====== RAW DATA

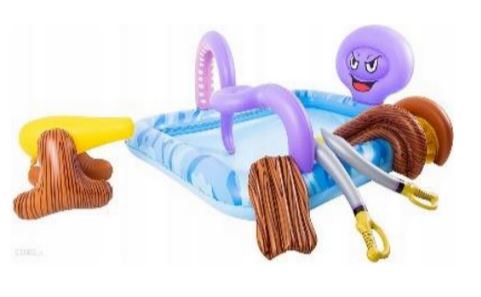 PILETA INFLABLE CON TOBOGAN, SPRAY Y JUEGOS EL SET INCLUYE 2X ESPADA, TOBOGÁN, CAÑÓN DE AGUA, TABLA
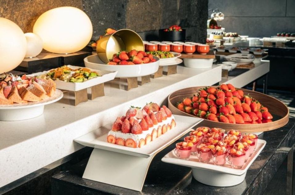 주말 딸기 뷔페는 딸기 보코치니 카프레제 샐러드, 딸기 크림 치즈&햄 샌드위치, 딸기 해산물 파스타 샐러드, 훈제 연어, 핫 디쉬로는 로제떡볶이, 딸기를 곁들인 탕수육, 딸기을 곁들인 치킨 가라아게, 쇠고기 살치 스테이크와 구운 야채, 새우 볶음밥 그외에 짬뽕과 딸기 디저트가 다양하게 제공됩니다.
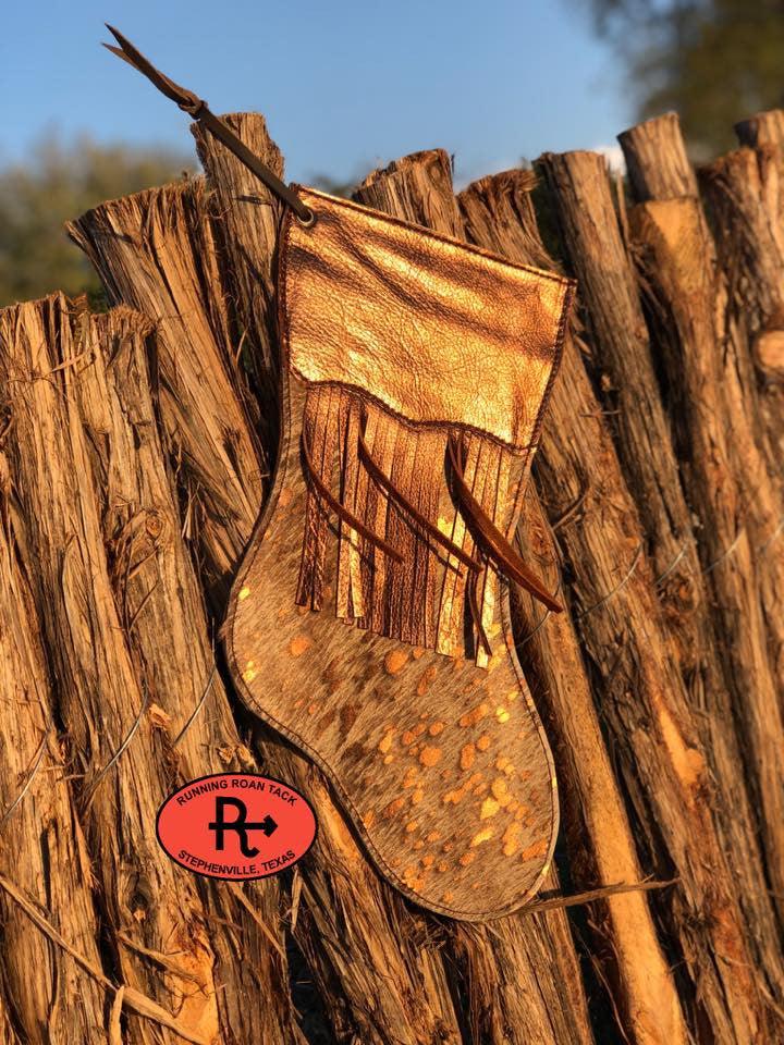 Metallic Acid Wash Cowhide Christmas Stocking with Metallic Trim and Fringe
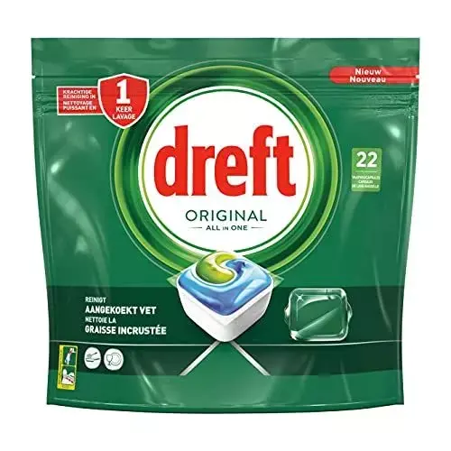 Kapsułki do zmywarki Dreft Original All in One mają najlepsze działanie czyszczące, a ich formuła usuwa nawet zaschnięty tłuszcz. Dreft Original łączy płyn i proszek w jednej potężnej kapsułce. Ultrarozpuszczalne opakowanie kapsułek rozpuszcza się znacznie szybciej niż twarde tabletki, więc natychmiast zaczynają działać, aby wykonać zadanie. Ponadto są niezwykle przyjazne dla użytkownika. Po prostu włóż je do zmywarki. Z opakowaniem, więc bez odpadów. Używaj również płynu do mycia naczyń Dreft w zlewie. Skoncentrowana formuła natychmiast usuwa tłuszcz i nadaje olśniewający połysk. Moc czyszczenia naczyń, na której możesz polegać.

============

# WHAT YOU ARE ASKED TO DO
Copy exactly the lines from the line holding "Metallic Acid Wash" to the final line of the listing, and leave the pictures out.

# SOLUTION
 Metallic Acid Wash Cowhide Christmas Stocking with Metallic Trim and Fringe
 Kapsułki do zmywarki Dreft Original All in One mają najlepsze działanie czyszczące, a ich formuła usuwa nawet zaschnięty tłuszcz. Dreft Original łączy płyn i proszek w jednej potężnej kapsułce. Ultrarozpuszczalne opakowanie kapsułek rozpuszcza się znacznie szybciej niż twarde tabletki, więc natychmiast zaczynają działać, aby wykonać zadanie. Ponadto są niezwykle przyjazne dla użytkownika. Po prostu włóż je do zmywarki. Z opakowaniem, więc bez odpadów. Używaj również płynu do mycia naczyń Dreft w zlewie. Skoncentrowana formuła natychmiast usuwa tłuszcz i nadaje olśniewający połysk. Moc czyszczenia naczyń, na której możesz polegać.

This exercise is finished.